Higher education insiders predict that campuses launching apprenticeships will have a better chance of thriving as the number of high school graduates declines nationwide over the next few years.

“The work world is changing,” said Kevin Krebs, founder of HelloCollege, an Illinois-based admissions counseling firm. “You can’t sit idly by until you’re 21 and suddenly decide you want a good job. That’s not how it works anymore.”

“I see a growing chasm between what’s in the syllabus and what’s in the boardroom,” said Ava Sirrah, an education consultant and New York University business instructor. “Many universities struggle with anachronistic curricula because faculty haven’t been in the workforce for decades.”

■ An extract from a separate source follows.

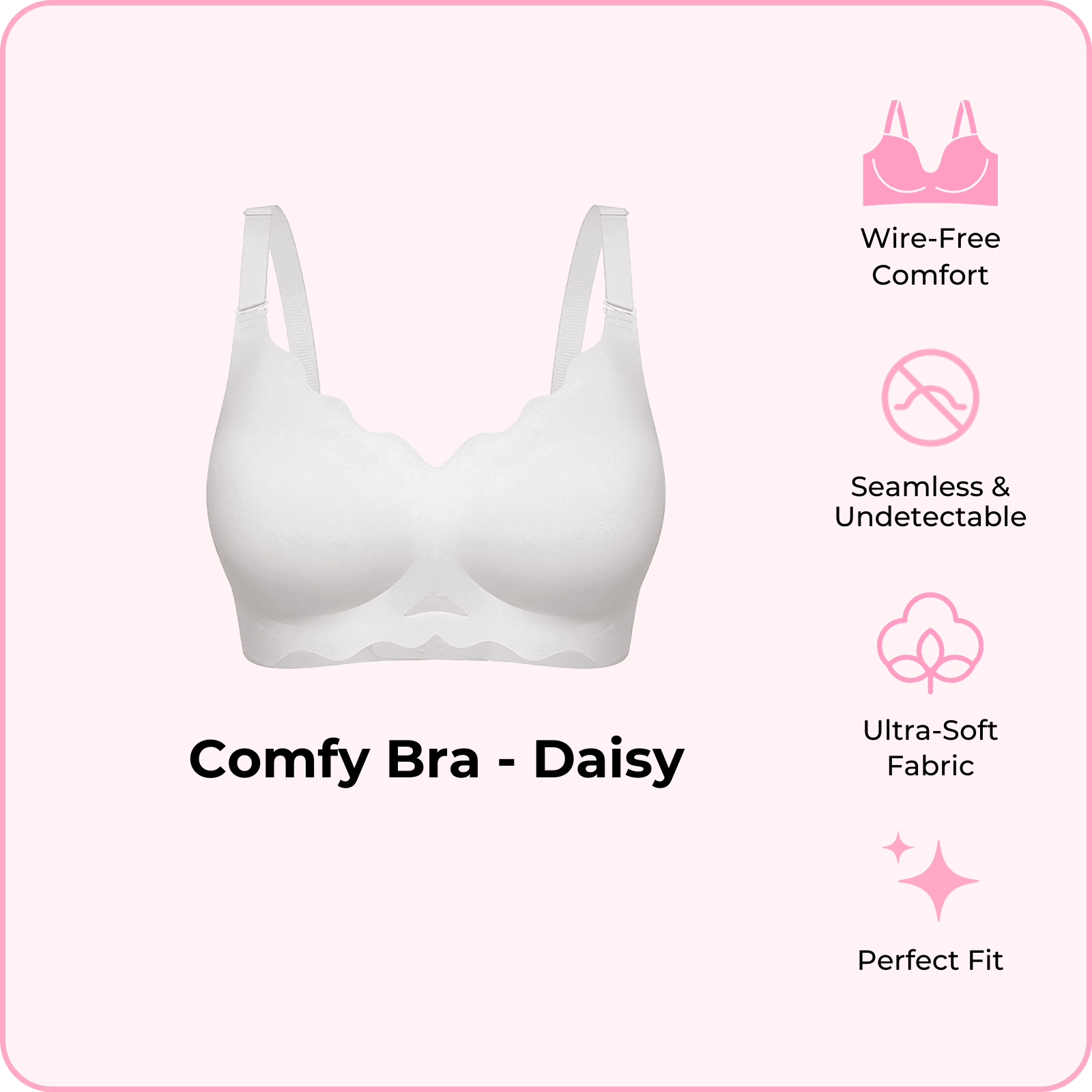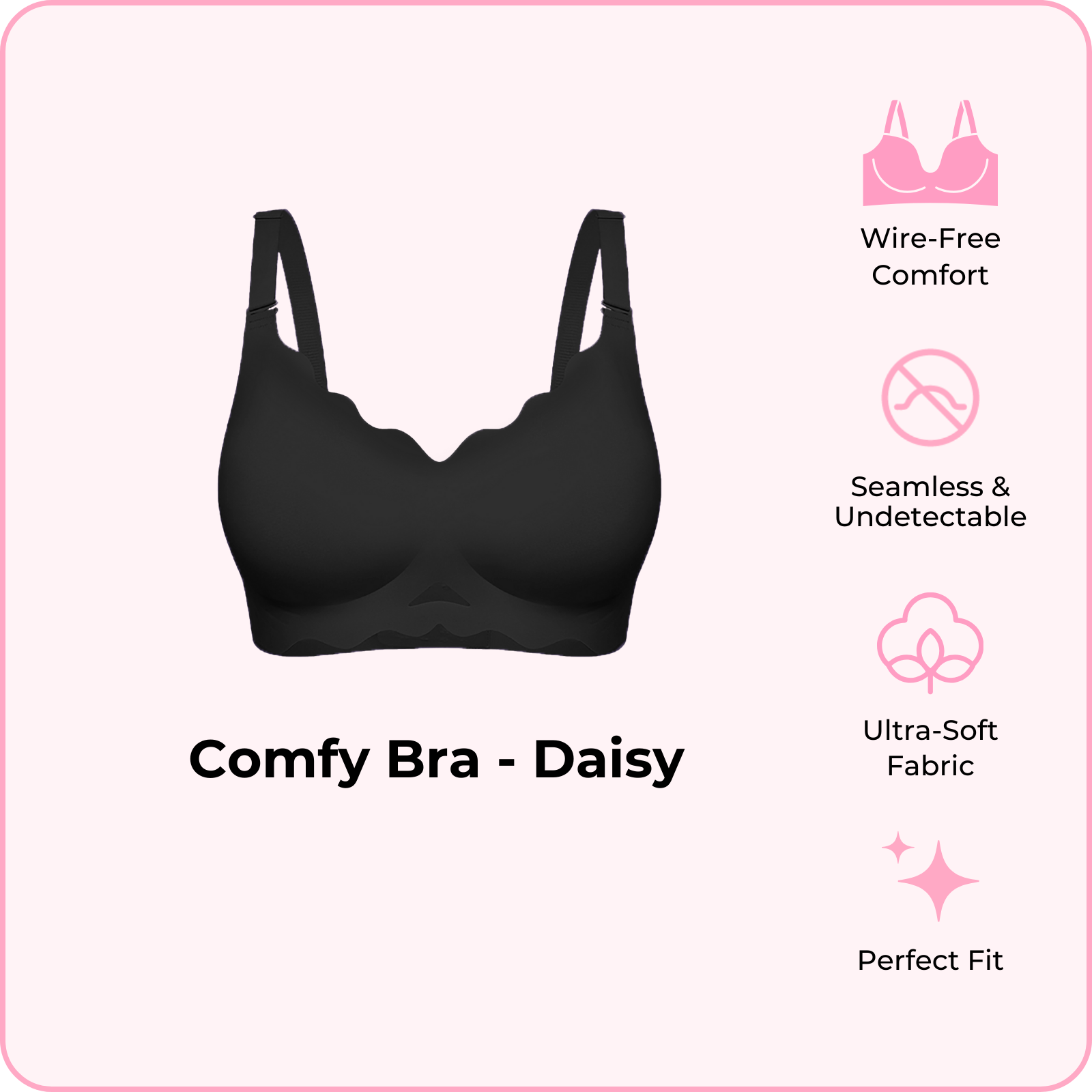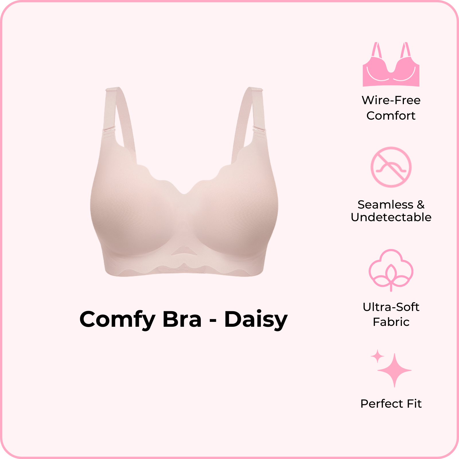 Meet Daisy, the bra that feels good without trying. Walang wires na tumutusok, walang awkward na pag-aadjust—just soft na fabric na parang second skin mo. The seamless cups disappears under anything na isusuot mo, para makapag-focus ka sa araw mo without thinking twice.

In an April 2025 fact sheet, the White House flagged a shortage of 447,000 construction workers and 94,000 durable goods workers in 2024.

It cited a Bureau of Labor Statistics estimate that the annual shortage of skilled tradesmen would grow steadily over the next decade to “close to half a million” workers.

The White House fact sheet also blasted previous administrations for promoting “college for all” as a “one-size-fits-all approach to workforce preparedness.”

Sarah Boisvert, New Mexico-based CEO of New Collar AI, said universities must “leave the old models behind” to attract the growing number of high school graduates who cannot afford four-year degrees. Her software company trains students to use 3D printers, laser cutters and other manufacturing tools.

“Colleges are typically still trying to tie apprenticeship training to degrees,” Ms. Boisvert said. “For many students, that is not an option because college is not for everyone.”